Impact of Fontan Fenestration on Long-Term Outcomes: A Propensity Score-Matched Analysis.

Background The long-term impact of fenestration at the time of Fontan operation remains unclear. We aimed to review the early and long-term impact of Fontan fenestration in the Australia and New Zealand cohort. Methods and Results We reviewed 1443 patients (621 fenestrated, 822 nonfenestrated) from the Australia and New Zealand Fontan registry. Data were collected on preoperative demographics, operative details, and follow-up. Propensity-score matching was performed to account for the various preoperative and operative differences and risk factors. Primary outcomes were survival and freedom from failure. Median follow-up was 10.6 years. After propensity-score matching (407 matched pairs), there was no difference in survival (87% versus 90% at 20 years; P=0.16) or freedom from failure (73% versus 80% at 20 years; P=0.10) between patients with and without fenestration, respectively. Although patients with fenestration had longer bypass and cross-clamp times (P<0.001), there was no difference in hospital length of stay or prolonged pleural effusions (P=0.80 and P=0.46, respectively). Freedom from systemic and Fontan circuit thromboembolism was higher in the nonfenestrated group (89%; 95% CI, 88%-95%) than the fenestrated group (84%; 95% CI, 77%-89%; P=0.03). There was no difference in incidence of plastic bronchitis, protein-losing enteropathy, New York Heart Association Class III/IV symptoms, or Fontan takedown. Conclusions In the propensity score-matched analysis we have demonstrated no difference in long-term survival or freedom from Fontan failure in patients with and without fenestration. There was a higher incidence of long-term thromboembolic events in patients with fenestration. Overall, it appears that fenestration in Fontan circulation does not bring long-term benefits.

Australia and New Zealand

atrioventricular valve

Clinical Perspective

What Is New?

Fenestration of the Fontan circuit does not appear to convey long‐term benefits in propensity score–matched cohorts.
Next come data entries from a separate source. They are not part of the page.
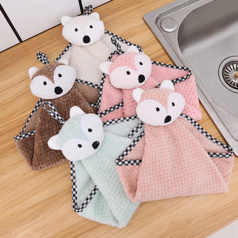 Khăn tay hình cáo hoạt hình dễ thương hoạt hình thấm hút nước và khăn lau bát đĩa mềm mại, có khả năng hút nước cao, có thể nhanh chóng hút ẩm cho tay bạn.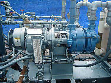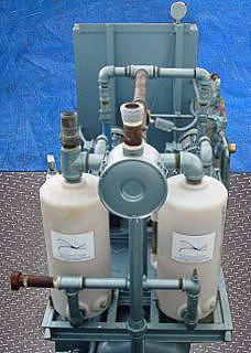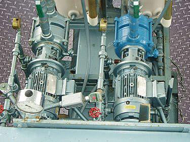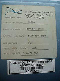 1995 Squire Cogswell Monobloc Full Vacuum Skid. Brunner Engineering and Manufacturing Inc. Vacuum Tank- 70 Gallon, Nat'l Bd: 78673H, P/N: 0673 C-12145-3A, MAWP: 200 psi, @ 450 °F, MDMT -20 °F @ 200 psi, shell thickness: 0.151 in., head thickness: 0.124 in. (2) Squire Cogswell/Robuschi Vacuum Pumps, Model: RVA302, S/N's: 9404242WJ and 9404243WJ. (2) Siemens Motors, 2 hp, 1720 rpm, 230/460 V, 5.8/2.9 amps, 60 Hz, 3 phase. Squire Cogswell Co. Control Panel, Model: 2.0-460.2LR, S/N: 90770, control power supply: 115 V, 8.3 amps, 60 Hz, single phase. (2) Poly Tanks- 7.5 Gallon. (1) Recieving Tank- 8 Gallon. Inlets: (1) 2 in. dia. FNPT, (2) 1 in. dia ports. Outlets: (2) 1-1/2 in dia. NPT. Overall dimensions: 86 in. L x 42 in. W x 80 in. H.(H12).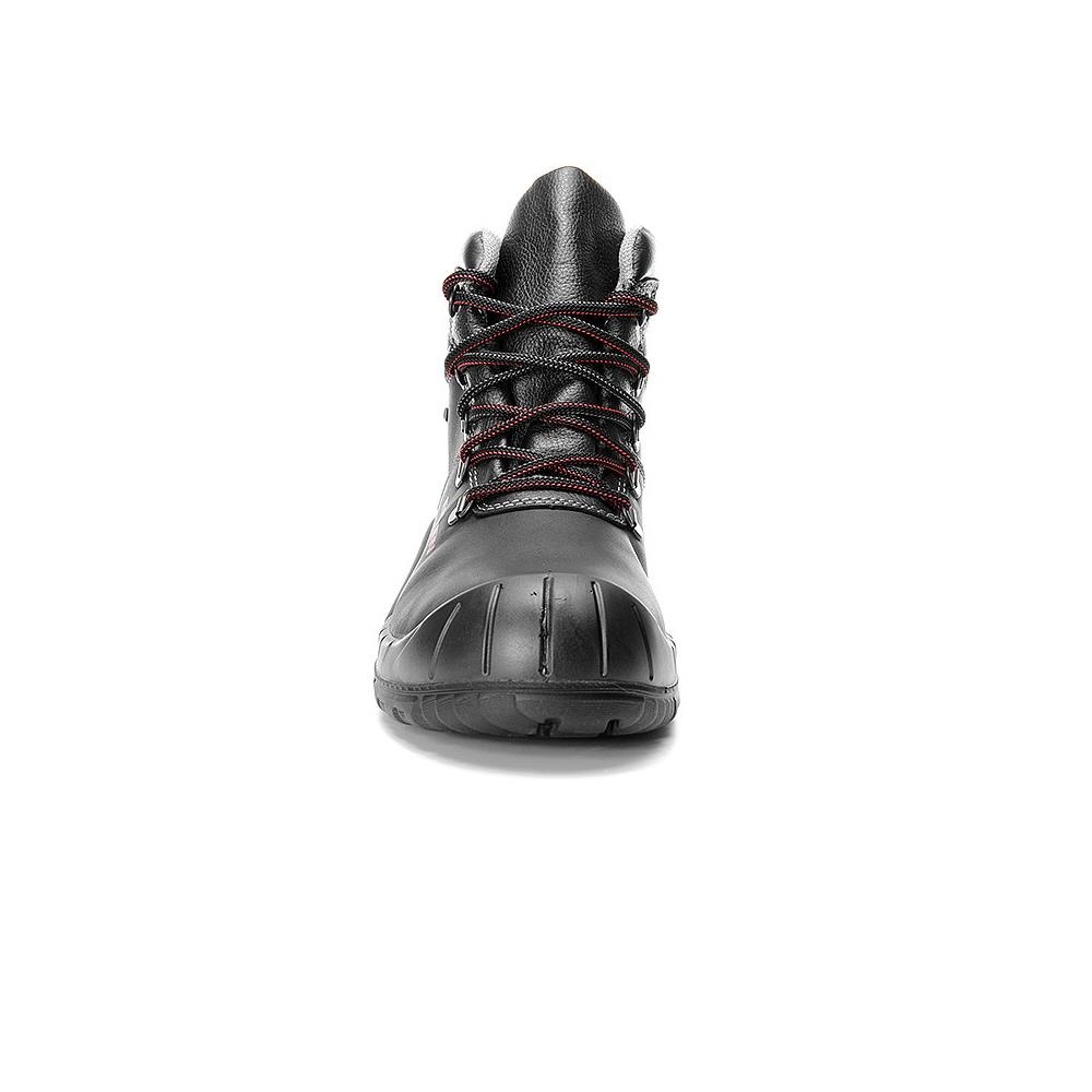 Veiligheidsschoen GORE-TEX® half hoog van rundleder met stalen neus en tussenzool, antistatische softvlies binnenzool, grof geprofileerde PU/PU zool safety-grip, gepolsterde watertong en aangespoten kruipneus.

Fenestration is associated with a higher risk of thromboembolic events.

What Are the Clinical Implications?

It is important to precisely define the short‐term benefits of fenestration in Fontan circulation given that routine placement fenestration does not appear to confer long‐term benefits and is associated with an increased risk of thrombosis.

The addition of fenestration at the time of Fontan operation should be considered on a case‐by‐case basis.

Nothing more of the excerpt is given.